** Records provided follows **

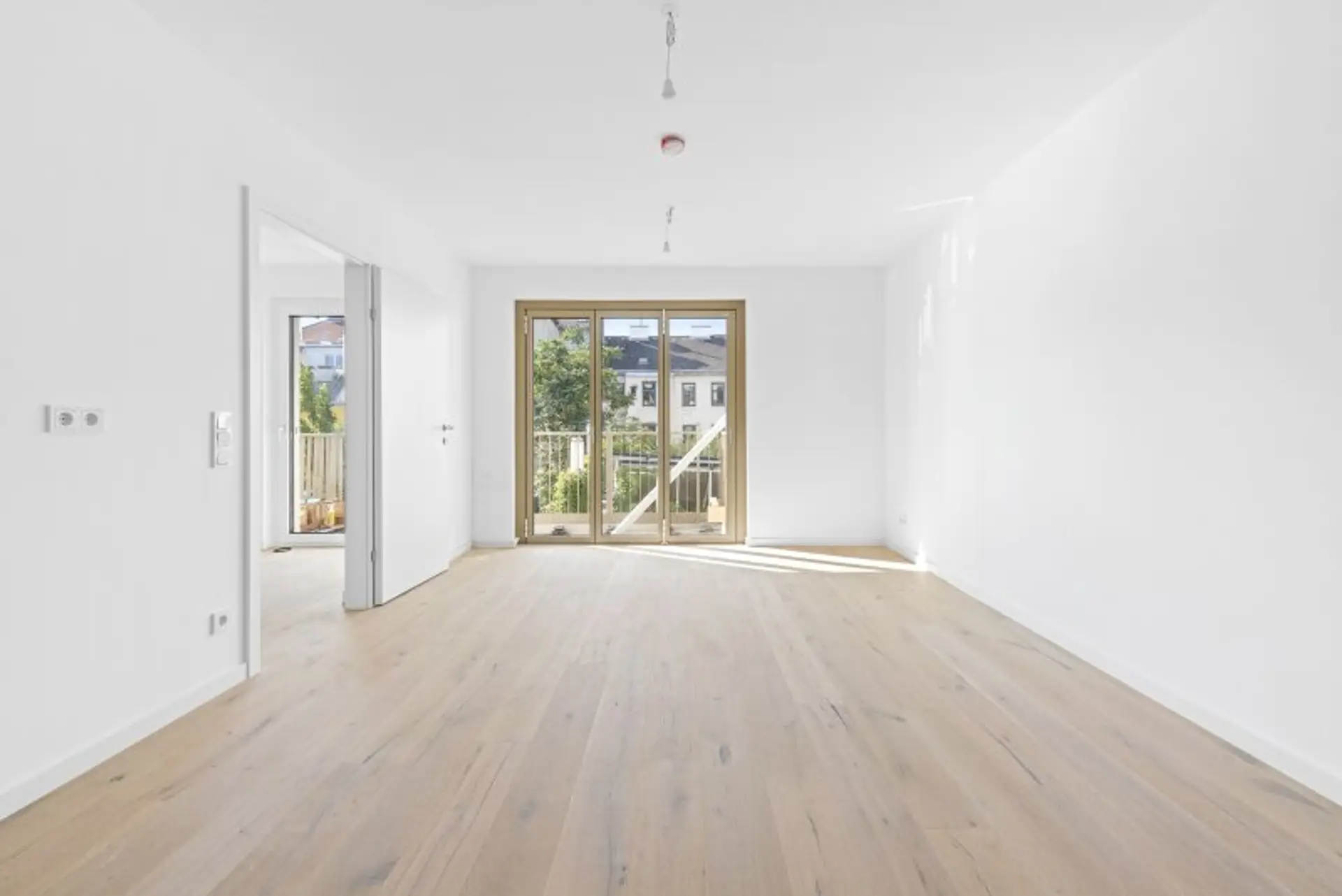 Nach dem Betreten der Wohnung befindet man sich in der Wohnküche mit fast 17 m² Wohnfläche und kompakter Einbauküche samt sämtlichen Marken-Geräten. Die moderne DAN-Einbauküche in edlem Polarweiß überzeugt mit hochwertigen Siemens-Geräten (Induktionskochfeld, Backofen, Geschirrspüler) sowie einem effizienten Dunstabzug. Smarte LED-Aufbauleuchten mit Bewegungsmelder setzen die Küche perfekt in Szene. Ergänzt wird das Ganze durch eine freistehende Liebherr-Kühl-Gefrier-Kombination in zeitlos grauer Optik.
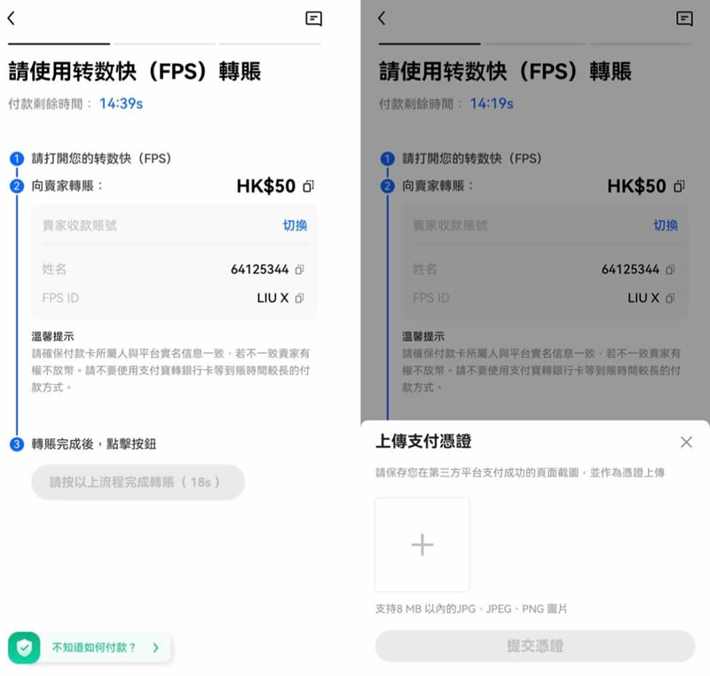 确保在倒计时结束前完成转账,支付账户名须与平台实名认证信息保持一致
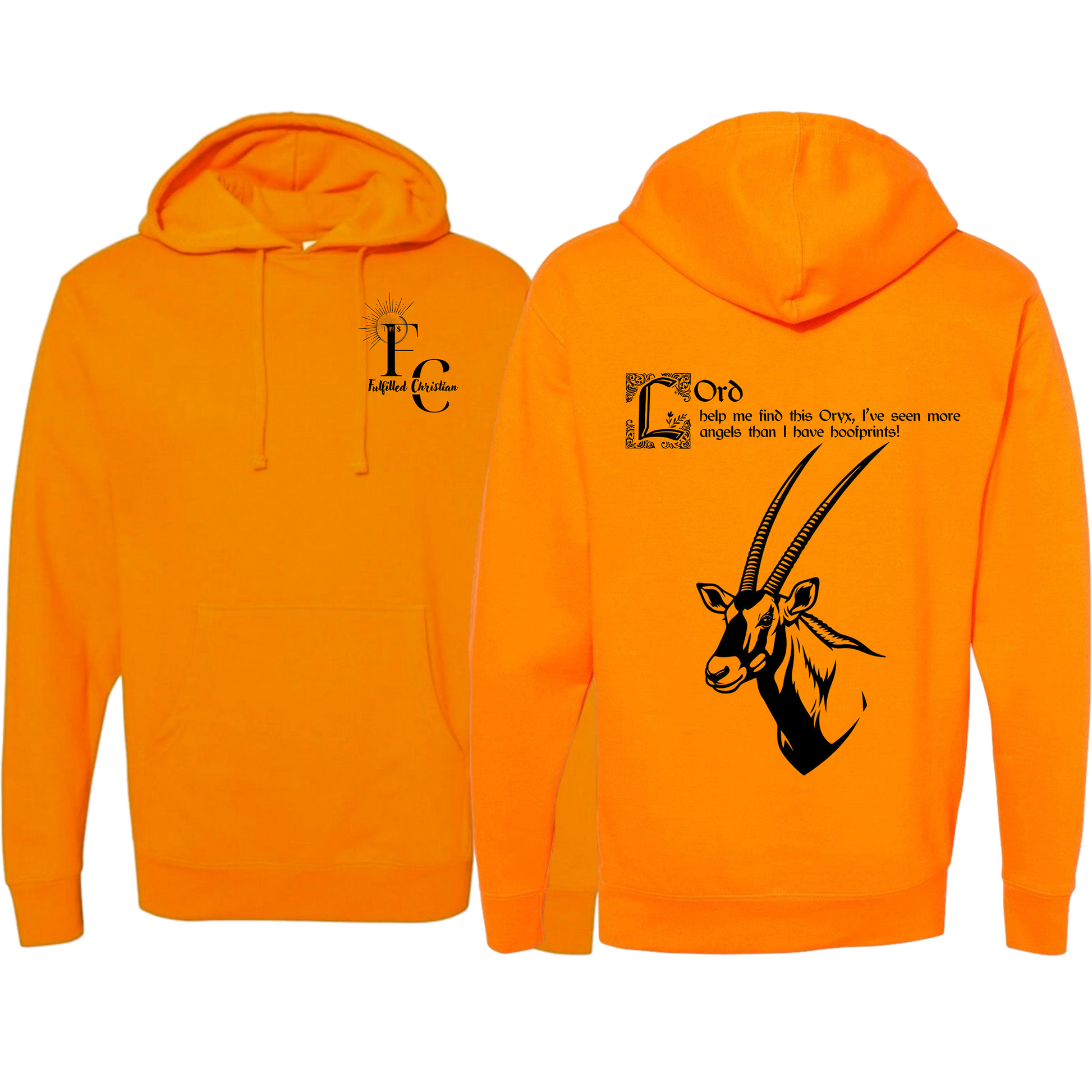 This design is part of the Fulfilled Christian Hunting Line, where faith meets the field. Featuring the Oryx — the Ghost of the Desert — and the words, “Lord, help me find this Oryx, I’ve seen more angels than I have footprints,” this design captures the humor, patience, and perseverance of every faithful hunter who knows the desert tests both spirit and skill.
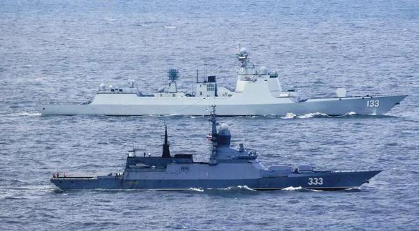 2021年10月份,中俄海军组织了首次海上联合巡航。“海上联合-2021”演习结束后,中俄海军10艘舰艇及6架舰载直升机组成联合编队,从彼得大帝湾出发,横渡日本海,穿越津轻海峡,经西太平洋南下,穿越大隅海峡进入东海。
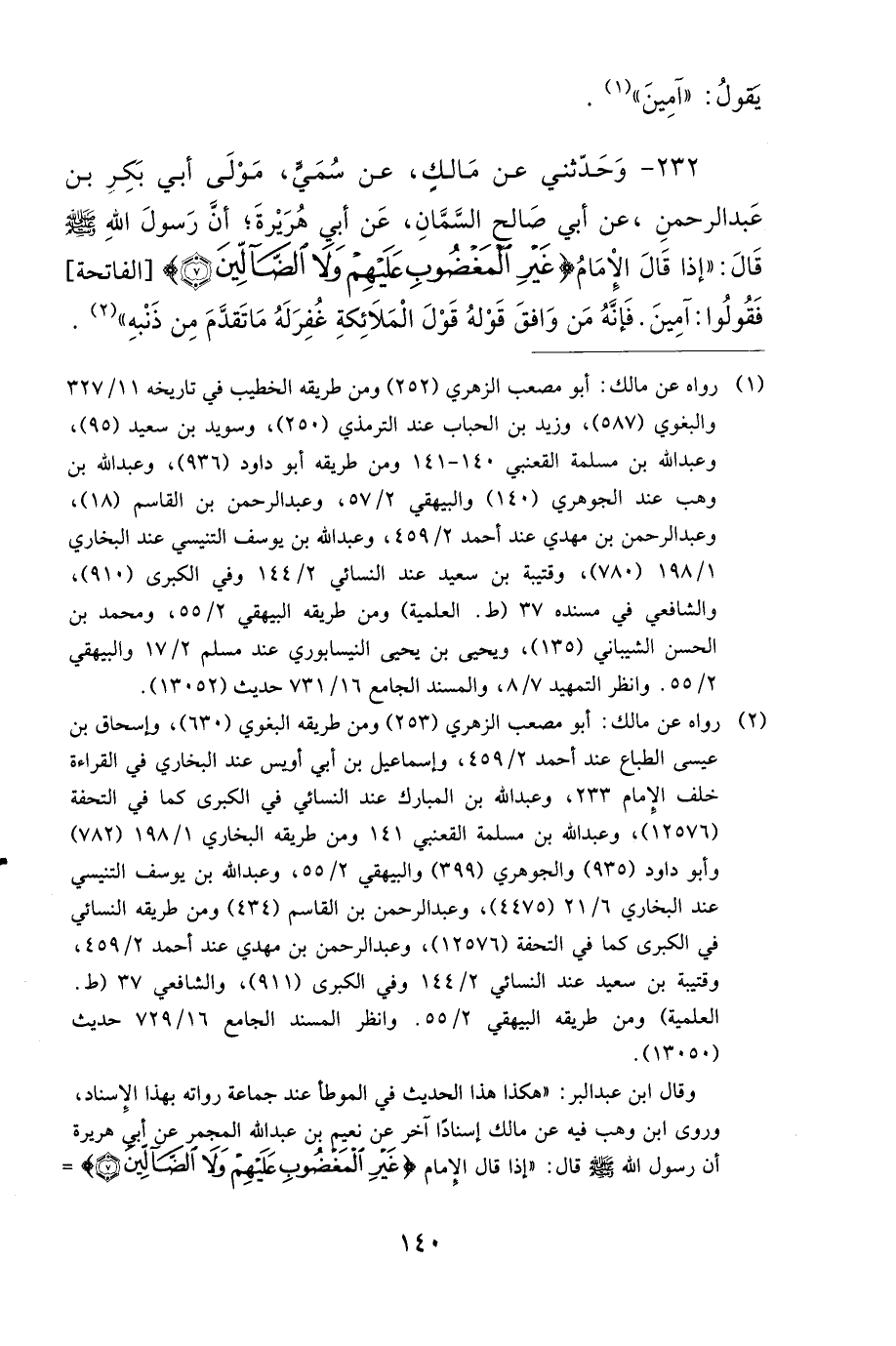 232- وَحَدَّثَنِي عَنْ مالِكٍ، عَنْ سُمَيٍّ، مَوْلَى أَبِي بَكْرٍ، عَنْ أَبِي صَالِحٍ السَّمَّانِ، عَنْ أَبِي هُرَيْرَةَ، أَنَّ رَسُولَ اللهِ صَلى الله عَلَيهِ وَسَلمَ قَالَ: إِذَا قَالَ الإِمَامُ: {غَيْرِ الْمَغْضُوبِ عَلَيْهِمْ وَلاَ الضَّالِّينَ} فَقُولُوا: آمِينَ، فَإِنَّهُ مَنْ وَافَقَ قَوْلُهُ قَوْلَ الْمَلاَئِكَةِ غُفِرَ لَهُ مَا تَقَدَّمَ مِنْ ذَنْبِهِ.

** End of Records provided **

Could you print the listing above exactly, without the pictures?

## Task output
 Nach dem Betreten der Wohnung befindet man sich in der Wohnküche mit fast 17 m² Wohnfläche und kompakter Einbauküche samt sämtlichen Marken-Geräten. Die moderne DAN-Einbauküche in edlem Polarweiß überzeugt mit hochwertigen Siemens-Geräten (Induktionskochfeld, Backofen, Geschirrspüler) sowie einem effizienten Dunstabzug. Smarte LED-Aufbauleuchten mit Bewegungsmelder setzen die Küche perfekt in Szene. Ergänzt wird das Ganze durch eine freistehende Liebherr-Kühl-Gefrier-Kombination in zeitlos grauer Optik.
 确保在倒计时结束前完成转账,支付账户名须与平台实名认证信息保持一致
 This design is part of the Fulfilled Christian Hunting Line, where faith meets the field. Featuring the Oryx — the Ghost of the Desert — and the words, “Lord, help me find this Oryx, I’ve seen more angels than I have footprints,” this design captures the humor, patience, and perseverance of every faithful hunter who knows the desert tests both spirit and skill.
 2021年10月份,中俄海军组织了首次海上联合巡航。“海上联合-2021”演习结束后,中俄海军10艘舰艇及6架舰载直升机组成联合编队,从彼得大帝湾出发,横渡日本海,穿越津轻海峡,经西太平洋南下,穿越大隅海峡进入东海。
 232- وَحَدَّثَنِي عَنْ مالِكٍ، عَنْ سُمَيٍّ، مَوْلَى أَبِي بَكْرٍ، عَنْ أَبِي صَالِحٍ السَّمَّانِ، عَنْ أَبِي هُرَيْرَةَ، أَنَّ رَسُولَ اللهِ صَلى الله عَلَيهِ وَسَلمَ قَالَ: إِذَا قَالَ الإِمَامُ: {غَيْرِ الْمَغْضُوبِ عَلَيْهِمْ وَلاَ الضَّالِّينَ} فَقُولُوا: آمِينَ، فَإِنَّهُ مَنْ وَافَقَ قَوْلُهُ قَوْلَ الْمَلاَئِكَةِ غُفِرَ لَهُ مَا تَقَدَّمَ مِنْ ذَنْبِهِ.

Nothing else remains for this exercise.